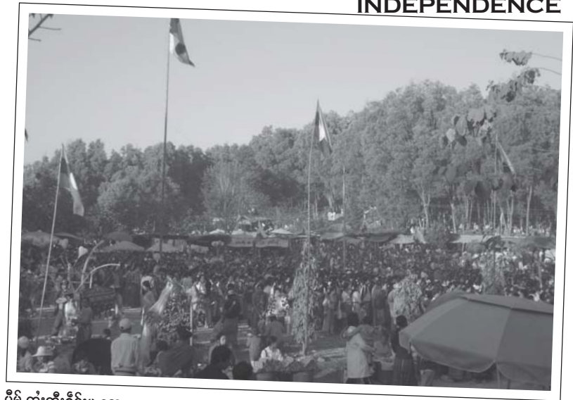
ပီမို,တီးတီးဝိုင်းမူ,လေး

ပွဲးပီမို,တီး တီးဝိုင်းမူ,လေး တိမ်လွဲ တိုင်စမ်း ဂွမ်းစပ်းရှမ်းစွမ်းဂိုဆိမ်း တေး, ပေးထိုင်ဆိုင်လွဲတိုင်စမ်း။ ကတီးရှံးတီးသမ် ဝမ်းသမ်ခိုဆိမ်း။ ဝိုင်းလူင် တူဆဲးတီးကျေး ကတီးရှံးတီးပျားပွဲးပူသင်,ကဆိမ်းဂိုရှံးပွဲးပီမို,- ကျေလိက်းဖိုင်းတီးဆွင်ရှံးယျး၊ ရှမ်းပူဝ်း၊ ရှပ်ပူဝ်း၊ ဆမ်စုဂ်၊ သံးစလး၊ ဆွင်ဂျ၊ ဆွင်မွမ်း ကွမ်းကဆိမ်း
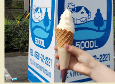
大内山ソフトクリーム (道の駅奥伊勢木つつ木館)
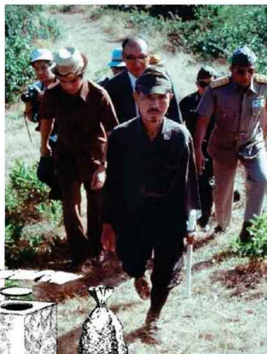
Perdu. Le soldat Hiro Onoda, retrouvé en 1974 sur l'île Lubang, aux Philippines.

Bien qu'il ait récupéré un transistor en 1965, Onoda n'a pas voulu apporter de crédit aux informations qui y étaient diffusées. « Ce qui prétendait être une émission du Japon [...] était, de mon point de vue, un enregistrement concocté par l'ennemi et rediffusé avec les modifications appropriées », pensait-il. Si cet aveu volontaire
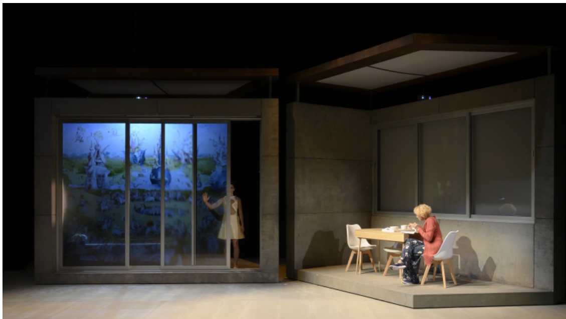
Alba (o el jardí de les delícies) , de Marc Artigau. TNC, 2018.

A partir del visionament que heu fet d' Alba (o el jardí de les delícies) , de Marc Artigau, dirigida per Raimon Molins (TNC, 2018), i tenint-ne en compte l'enfocament de ciència-ficció, analitzeu de quina manera la proposta escenogràfica fa ressaltar els nuclis temàtics de l'obra. El vostre text ha de tenir entre dues-centes i dues-centes cinquanta paraules.
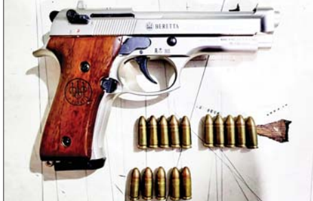
ဒက္ခိဏသီရိမြို့နယ် သီရိမင်္ဂလာကျေးရွာရှိ ဖမ်းဆီးရမိ တရားခံ မြင့်ကျော်(ခ)အသေးလေး၏ နေအိမ်မှ သိမ်းဆည်းရမိခဲ့သည့် လက်နက်/ခဲယမ်း များ မှတ်တမ်းဓာတ်ပုံ။
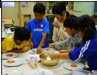
【3年：笑顔でピザ作り】
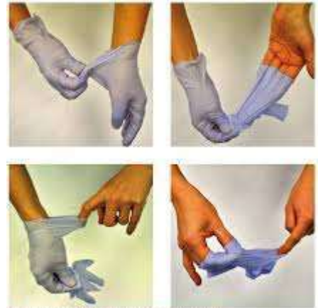
Figure 12.5. Tecnica di rimozione dei guanti.
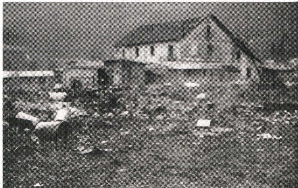
Blizu vodnega zajetja v Borovnici pa nastaja veliko črno odlagališče
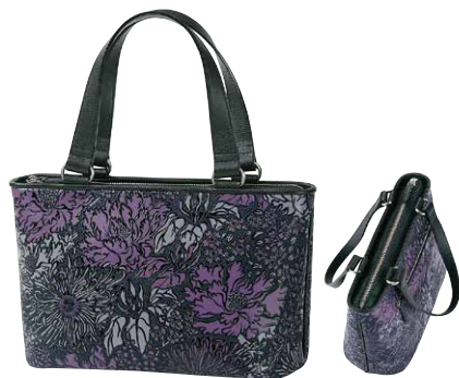
No.7207 手提げ 18.5×31×10cm
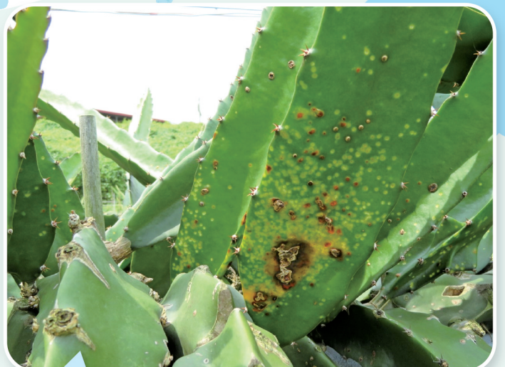
雨後紅龍果易發生潰瘍病
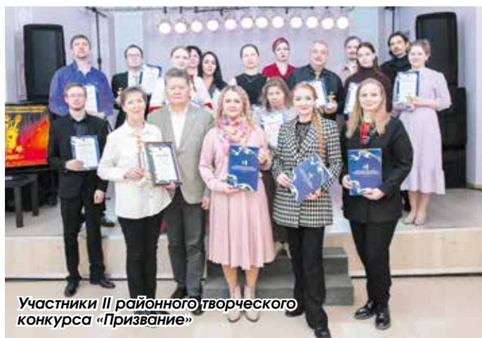
Участники II районного творческого конкурса «Призвание»

Подготовила Татьяна Кузина, фото предоставлены районным управлением культуры
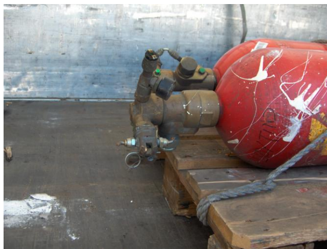
Bildet 5. Ubeskyttede ventiler.
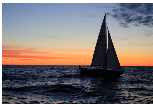
Gitsan strax efter solnedgång mitt ute på Östersjön

Spåret på Östersjön. Här syns dom kursmarginaler vi höll för ev. vindkantring.
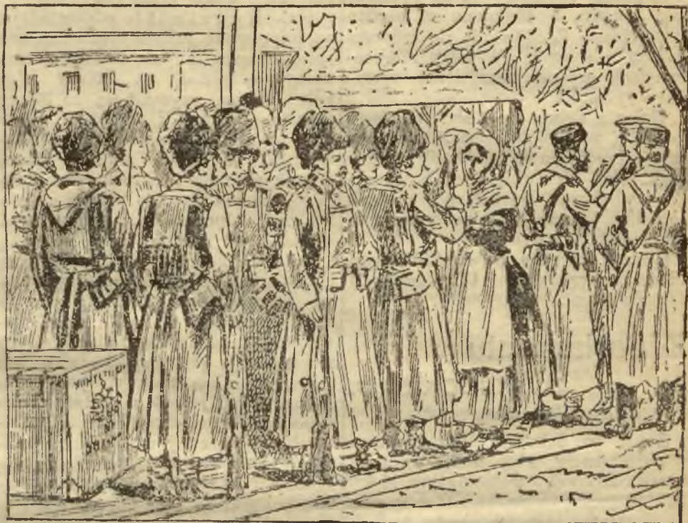
Rosyjscy rezerwiści czekający na pociąg, który ma ich zawieźć na plac boju

tych pod odzieżą szczydłach poruszał się, dosięgając niebotycznym cylindrem wyżyny drugiego piętra kamienic; był król klubowy, którego płaszcz, pseudo-grunostajami bramowany, wlokł się na 50 metrów za nim, niesiony przez dwudziestu czterech dygnitarzy; było mnóstwo innych kawałów, przyjmowanych przez tłumy publiczności wrzawą, radością i hucznymi salwami oklasków.
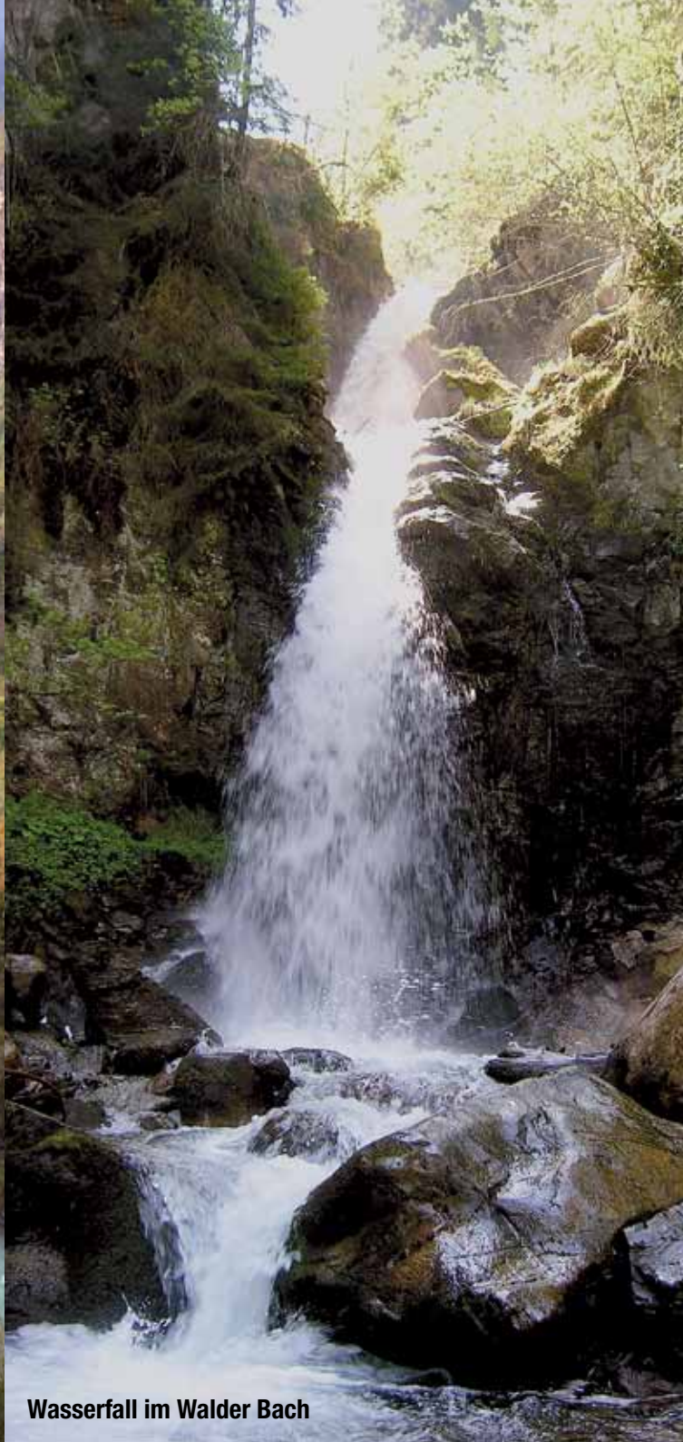
Wasserfall im Walder Bach
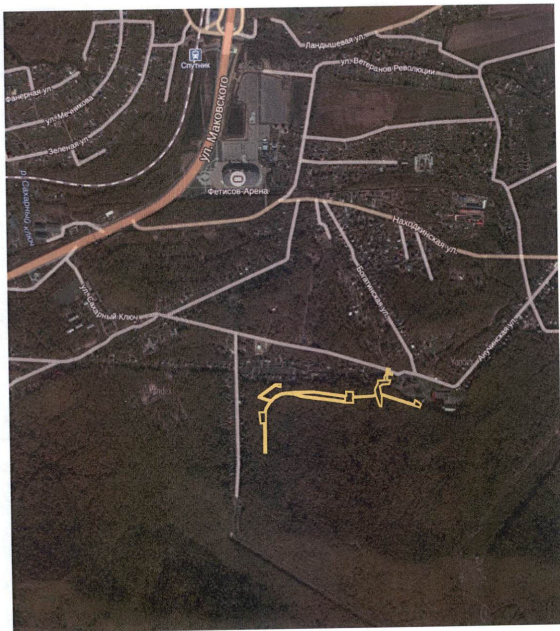
Схема территории в районе улицы Калиновой, 24 в городе Владивостоке
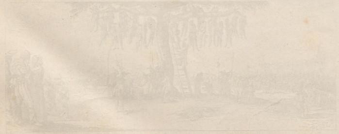
Engraving of a large outdoor scene with many people and animals.
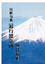
冠行頭字吟 田村 楊柳
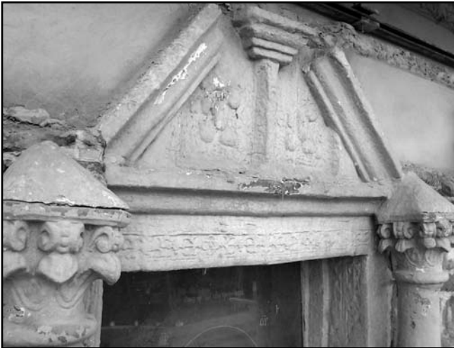
Рис. 6. Вигляд верхньої частини кіоту зі східного фасаду Миколаївської церкви до розчистки його від нашарувань олійної фарби

А.І. Чайки, кістяк міг належати жінці віком до 40 років. Під залишками зотлілих дощок та будівельним сміттям були виявлені рештки жіночої сукні (Рис. 4). Як сама тканина, так і елементи одягу є зразками дорогого імпорту, що може свідчити про поховання представниці заможної української шляхти. Поряд знаходилося ще одне поховання, без склепу, у дерев'яній труні. Воно було зруйноване при перебудові Миколаївської церкви у XIX ст. Збереглися тільки гомілкові кістки та фрагменти шкіряних жіночих чобітків. Глибина поховання від сучасної поверхні складала близько 3 м [12, 27–29]. Як відомо зі щоденника Якова Марковича, у Миколаївській церкві була похована донька гетьманши Анастасії Марківни Скоропадської від першого шлюбу з генеральним бунчужним Костянтином Голубом – Євдокія Костянтинівна – удова генерального судді Івана Чарниша. Вона померла 3 червня 1743 р. Згідно зі щоденником Я. Марковича, «для обою гроба ея купили тут атласу чорнаго и
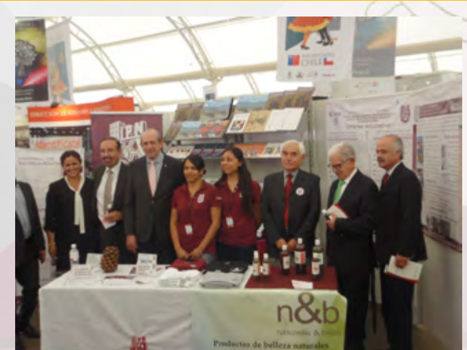
Autoridades del IPN, CEC Durango y del CIIDIR Durango durante la inauguración de la FIL Politécnica 2015
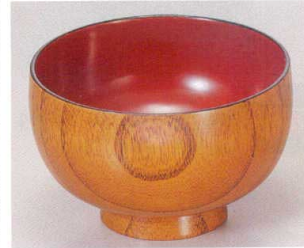
7-248-11 1-189-10 柾木製汁椀 スリ漆内朱 ¥750 (11φ×7) 椀144 310cc
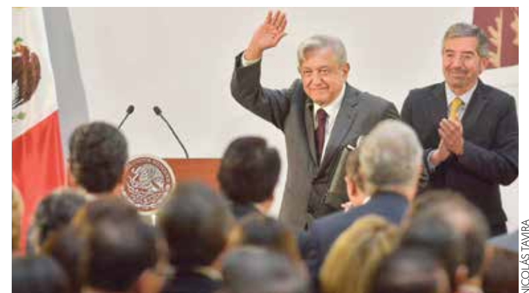
MURO. El presidente reiteró que no responderá a los comentarios de Trump.
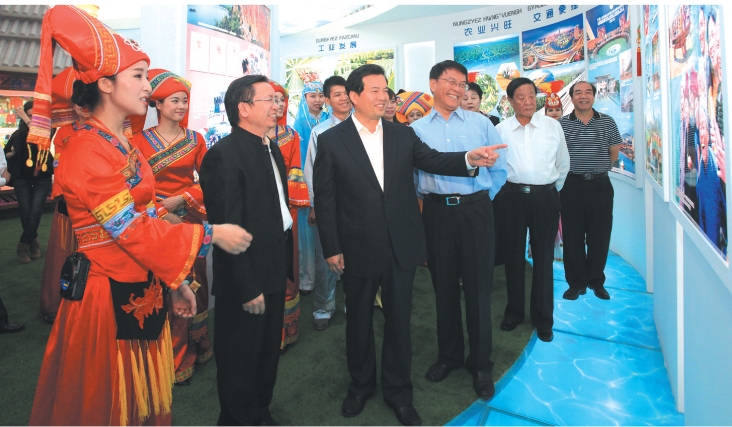
▲全国政协副主席、国家民委主任王正伟(前左三)在主办单位相关负责人及广西区民委党组书记、主任卢献匾(前左二)陪同下参观广西特展区。
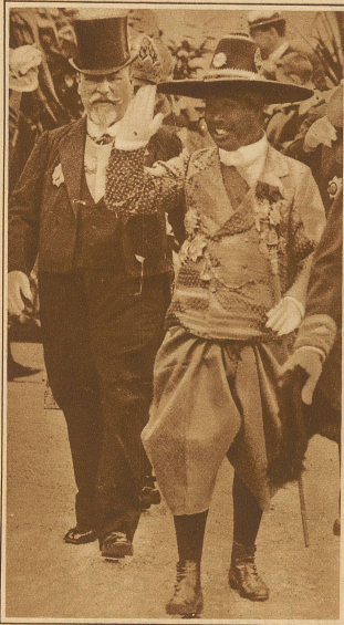
König Sisowath von Cambodja ist im Alter von 87 Jahren gestorben
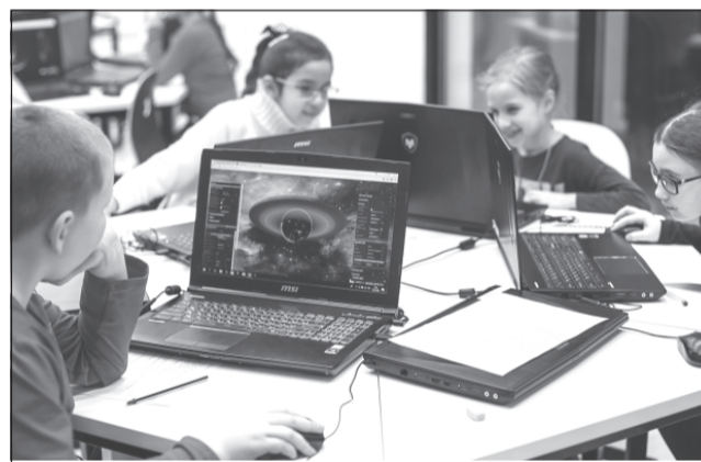
В школах создаётся цифровая образовательная среда
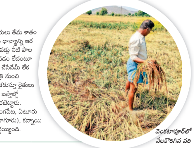
వెంకటాపూర్లో నేలకొరిగిన వరి

ములుగు, మే17(నమస్తే తెలంగాణ): అధికారులు తేమ శాతం పేరుతో పెట్టిన కొర్రలతో 20 రోజులుగా రైతులు ధాన్యాన్ని అరబోశారు. గురువారం రాత్రి నుంచి వర్షం కురిసి పద్దు నీటి పాలయ్యాయి. నిబంధనల ప్రకారం తేమ శాతం రావడం లేదంటూ కేంద్రాల నిర్వాహకులు వంకలు చెప్పగా రైతులు చేసేదేమీ లేక ధాన్యాన్ని అరబోయగా వరుణుడి పాల్గొంది. రాత్రి నుంచి ధాన్యం రాసులపై పరదాలు కప్పితూ వర్షానికి తడుస్తూ రైతులు కల్లాల వద్ద ఉండిపోతూ వర్షానికి ఏర్పడింది. బస్తాల్లో నింపిన ధాన్యం సైతం తడిసిపోవడంతో మళ్ళీ అరబెట్టారు. ములుగు, గోవిందరావుపేట, వెంకటాపూర్, మంగలూరు, ఏటూరు నాగారం, ములుగు, వాజేడు, వెంకటాపూర్(నూగూరు), కన్నాయి గూడెం మండలాల్లో రైతుల ధాన్యం తడిసి ముద్దయ్యింది.

■ ■ ■ ■

» **WORK TO BE COMPLETED**
Take the material above from the line containing "Spåret på Östersjön." up to and including the line containing "Rosyjscy rezerwiści czekający" and retype it exactly, without any pictures.

» **COMPLETED TASK**
Spåret på Östersjön. Här syns dom kursmarginaler vi höll för ev. vindkantring.
Rosyjscy rezerwiści czekający na pociąg, który ma ich zawieźć na plac boju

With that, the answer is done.